Despite this, his message was ultimately one of humility and persistence. Ethical practice, he said, depends not on perfect systems but on imperfect people who are willing to learn from mistakes.
“[One] lesson I have learned is a simple one – the need for humility, and to acknowledge our humanity,” he said. “The only safe and effective healthcare professional is the one who acknowledges their limitations and who is willing to learn from their experience, which will inevitably include making mistakes.”
He reflected on how easily confidence can shade into complacency, and how cognitive bias remains an enduring threat to patient care. “We like to think that as doctors, nurses and allied health workers, we are the products of excellent training and that we provide the kind of care we would want for our own families,” he said. “But we’re all susceptible to human error” he said, citing anchoring bias – clinging to initial information – and confirmation bias – where a doctor seeks evidence to support a pre-existing belief, both of which undermine good medicine.

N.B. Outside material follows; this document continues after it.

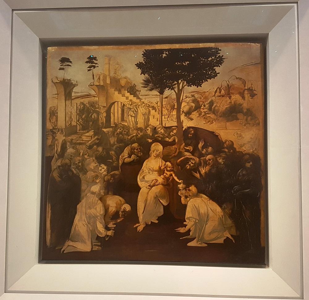 Lodein Posté(e) le 24 Septembre 2018 Auteur Signaler Posté(e) le 24 Septembre 2018 ...Suite On continue la visite de la galerie des offices avec la Tribune où est / était (J'avoue ne pas avoir bien compris) les plus belles œuvres mais qui n'est pas accessible : Dans tous les cas la coupole avec ses coquilles en nacre est superbe Ainsi que son sol Au bout de la galerie, nous avons une belle vue sur le Ponte Vecchio mais aussi sur la cathédrale et bien sur sur la galerie des offices On reprend la découverte des œuvres avec : Lamentation sur le corps du Christ (1500 - 1506) de Giovanni Bellini Art Romain 200-230 APJC Art Romain 2ème siècle APJC L'Annonciation (1472-1475) Léonard de Vinci l'Adoration des Mages (1481-1482) Léonard de Vinci Le Baptême du Christ (1475) de Léonard de Vinci et Andréa del Verrocchio "Tondo Doni" (1505-1507) Michelangelo Buonarrroti La Madone et l'enfant avec St Jean Baptiste jeune (1505-1506) Raffaello Sanzio La salle Niobé avec au centre la statue de Niobé, les statues de ses enfants et au fond un Rubens Ses enfants et un autre Rubens Le superbe plafond La Venus d'Urbino (1538) Tiziano Vecellio Bacchus (1597-1598) Caravaggio Judith et Holofermes (1626-1634) Rubens Un Rabbin (1665) Rembrandt A suivre... Lodein

Such biases, he added, can have real-world consequences. “We have all been guilty at some point of not taking a patient’s stated concerns as seriously as we should have. It has been acknowledged in my profession that such shortcomings in the assessment of abdominal pain in women has resulted in serious misdiagnoses, provision of less pain relief and increased patient distrust”.
He credited mentors such as the late emergency physician Dr Andrew Dent and general-practice leader Professor John Murtagh AO, whose quiet courage and moral clarity shaped his own career.

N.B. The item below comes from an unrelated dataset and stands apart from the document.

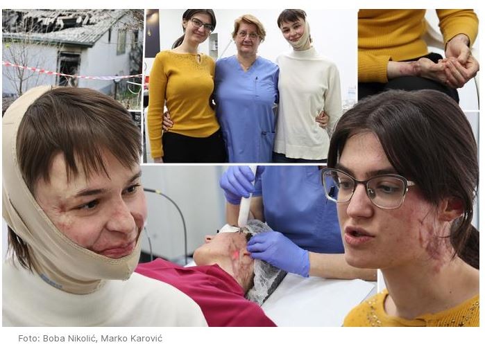 Нов Белград. Денот е мрачен и дождлив. Елегантна ординација на д-р Јасмин Козарев. Конечно разговор. Одамна знам за девојките од Кочани што ги лекува. Чекав персоналот да разговара. Влегува - топли кафени очи и широка насмевка. Голема девојка. Покриена, преврзана глава. Помали лузни излегуваат на образите и велат дека најлошото е под завојот. Надалина. Се поврзува со познатата песна на Оливер Драгоевиќ. Ретко име, особено за Македонија. Родена во 2006 година, го добива од нејзината баба Нада, но се прилагодила на 21 век. Истиот во кој ќе доживее незамислива трагедија.

“Ethical literacy isn’t learned from textbooks,” he said. “It’s learned from people who live it.”
His closing plea was directed as much to policymakers as to peers. “Governments, regulators and hospitals rightly demand excellence,” he said. “But our primary duty will always be to our patients. If you support ethical clinicians, their influence will flourish. If you don’t, you encourage a culture where self-interest trumps principle. In that scenario, nobody wins.”
For Dr Parnis, the challenge of modern medicine is not just the science of healing but the endurance of conscience – ethical medicine, he says, is rarely comfortable, but it’s what keeps the profession worthy of the trust it demands.